I think the main question is not “validness” of uninitialized integers/floats, but should we consider temporary &mut T pointing to an uninitialized memory an insta-UB, or is it acceptable assuming that we will not read from it.

1 Like

@newpavlov I introduced that idea myself a while back, but there wasn’t enough motivation for them, especially with MaybeUninit on its way at the time so it got closed.

&mut MaybeUninit<T> can serve the same purposes as &out T

2 Likes

A way one could do something similar to &out today is to use library defined move references(like that of refmove) constructed using a function with this signature:

fn initialize<'a>(from:&'a mut MaybeUninit<T>,with:T)->MoveRef<'a,T>

1 Like

Most of the time people are asking this for references to integer types, so the discussions often get interleaved. This includes the OP. There are plenty of use-cases for references to uninitialized integers. Many of those also involve "immediate" uninitialized integers, and then creating a reference to them.

In contrast, I have yet to see a convincing case for an &bool pointing to 4. Or for an &! to exist at all.

&out and placement new have a long history, back before the 1.0 release in 2015. But AFAIK not much progress has been made the last years.

1 Like

In contrast, I have yet to see a convincing case for an &bool pointing to 4. Or for an &! to exist at all.

I can imagine using an &! within a newtype, assuming it cannot be dereferenced, as a method of determining whether instances both hold the same unique value.

    let bar : &! = ...;
    let foo : &! = ...;
    std::ptr::eq(foo, bar)

This allows you to easily reuse unique values, without resorting to incrementing an integer for a unique ID, along with some form of free ID pool...

A write-only &out reference would also need some mechanism to convert it to a read-write &mut reference once initialized.

Why?
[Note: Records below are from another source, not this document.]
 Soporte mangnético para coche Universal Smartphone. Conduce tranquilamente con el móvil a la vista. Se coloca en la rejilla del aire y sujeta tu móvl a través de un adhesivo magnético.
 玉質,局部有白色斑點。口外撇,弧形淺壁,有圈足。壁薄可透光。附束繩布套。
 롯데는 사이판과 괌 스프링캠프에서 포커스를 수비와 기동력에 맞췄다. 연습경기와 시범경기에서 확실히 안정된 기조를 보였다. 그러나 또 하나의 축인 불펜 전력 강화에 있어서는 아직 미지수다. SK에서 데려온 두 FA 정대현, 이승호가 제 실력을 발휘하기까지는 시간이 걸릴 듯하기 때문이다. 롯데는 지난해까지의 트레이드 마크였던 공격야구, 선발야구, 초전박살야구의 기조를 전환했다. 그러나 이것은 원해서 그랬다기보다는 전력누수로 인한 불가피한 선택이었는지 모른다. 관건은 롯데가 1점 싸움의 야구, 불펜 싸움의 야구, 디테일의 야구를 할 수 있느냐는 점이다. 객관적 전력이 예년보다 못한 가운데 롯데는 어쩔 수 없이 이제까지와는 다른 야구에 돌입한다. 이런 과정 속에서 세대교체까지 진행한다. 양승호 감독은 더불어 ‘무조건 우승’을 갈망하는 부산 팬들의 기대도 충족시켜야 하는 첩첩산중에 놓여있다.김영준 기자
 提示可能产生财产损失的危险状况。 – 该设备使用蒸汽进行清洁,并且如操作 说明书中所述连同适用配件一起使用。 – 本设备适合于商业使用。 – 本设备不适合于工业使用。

We don’t have a safe way for converting read-only &T to read-write &mut T, why write-only &out T should be different in this regard? I think &out is mostly about specifying API constraints, e.g. Write::write semantically does not need to read from the provided buffer, but type system has no tools for specifying such constraints.

With &out MaybeUninit could’ve had a safe get_out(&out self) -> &out T and it would’ve been possible to write into uninitialized variable in safe code.
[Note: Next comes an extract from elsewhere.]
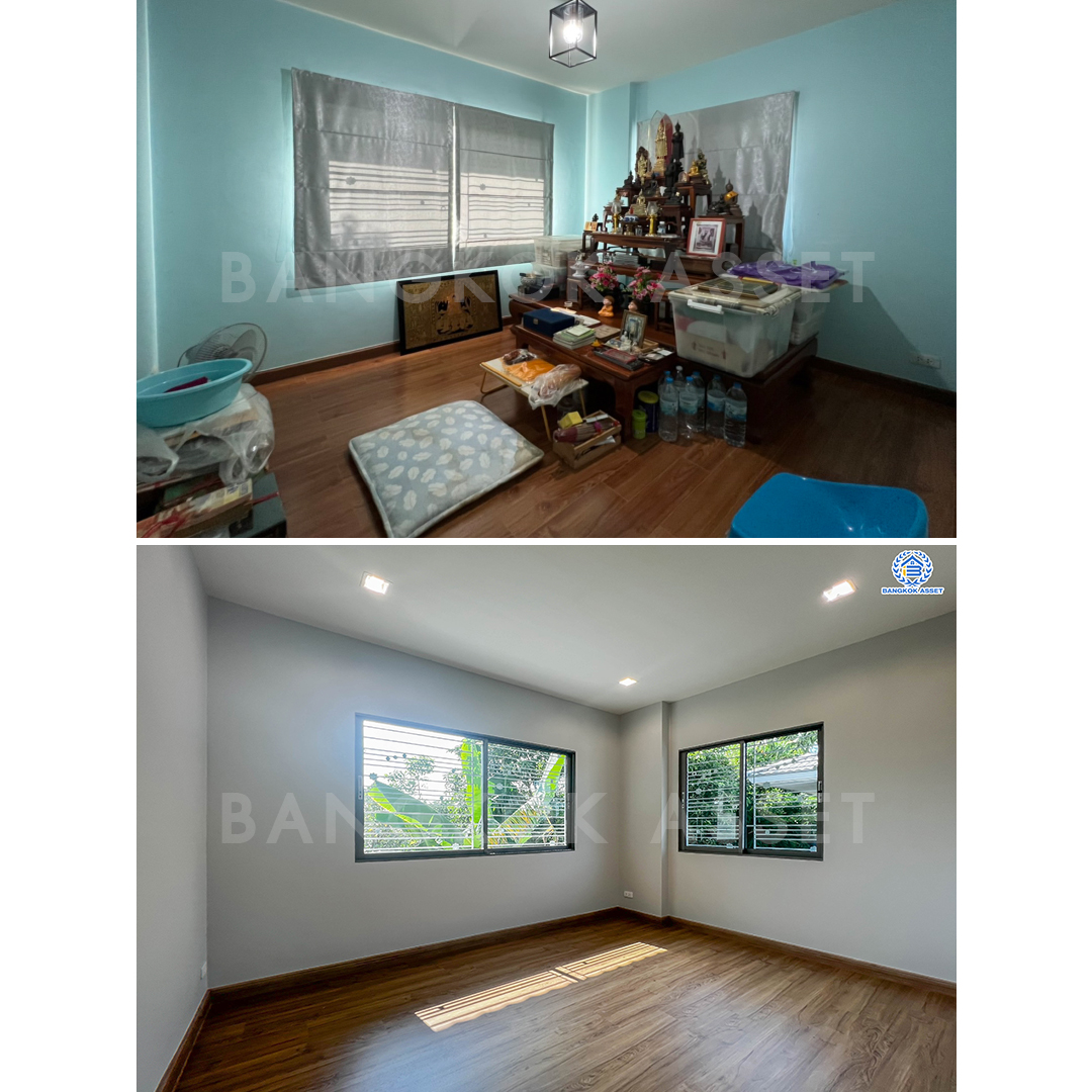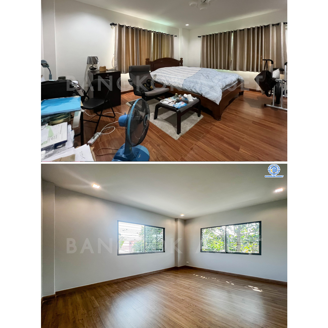 ห้องนอนทุกห้องเราเปลี่ยนเป็นพื้นลามิเนตลายไม้จริงให้ใหม่ทั้งหมด เป็นลายที่นิยมใช้ในบ้านยุคใหม่ พร้อมคุมโทนสีภายในห้องเป็นโทนขาวสว่าง ทำให้รู้สึกโปร่งโล่งขึ้น และผ่อนคลายมากขึ้น

I think I see what you mean. You’re suggesting that, rather than converting from &out T to &mut T, people would use the &out T to initialize something, then after they’ve fully initialized it, they’d go back to the original T if they need a &T or a &mut T?
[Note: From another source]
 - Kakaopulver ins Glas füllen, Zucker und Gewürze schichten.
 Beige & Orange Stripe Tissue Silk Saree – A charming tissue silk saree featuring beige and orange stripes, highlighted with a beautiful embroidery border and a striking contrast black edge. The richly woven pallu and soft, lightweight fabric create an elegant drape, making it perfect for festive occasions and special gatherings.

That would still require an unsafe operation, I’d assume? Or could we potentially detect full initialization of an object and then allow using it safely, the way we currently can with let x; ...; x = func()?

Yes, to both. The &out T which I have in mind is nothing more than a write-only reference, it does not enforce in any way that you have to fully initialize object behind this reference. With MaybeUninit this would allow to reduce two calls to unsafe functions (get_mut and assume_init) to one (assume_init). But my main points is not it, but that &out would allow us to encode more constraints into our APIs. (And "completeness" feeling of having all three r, w and rw references is a nice bonus.)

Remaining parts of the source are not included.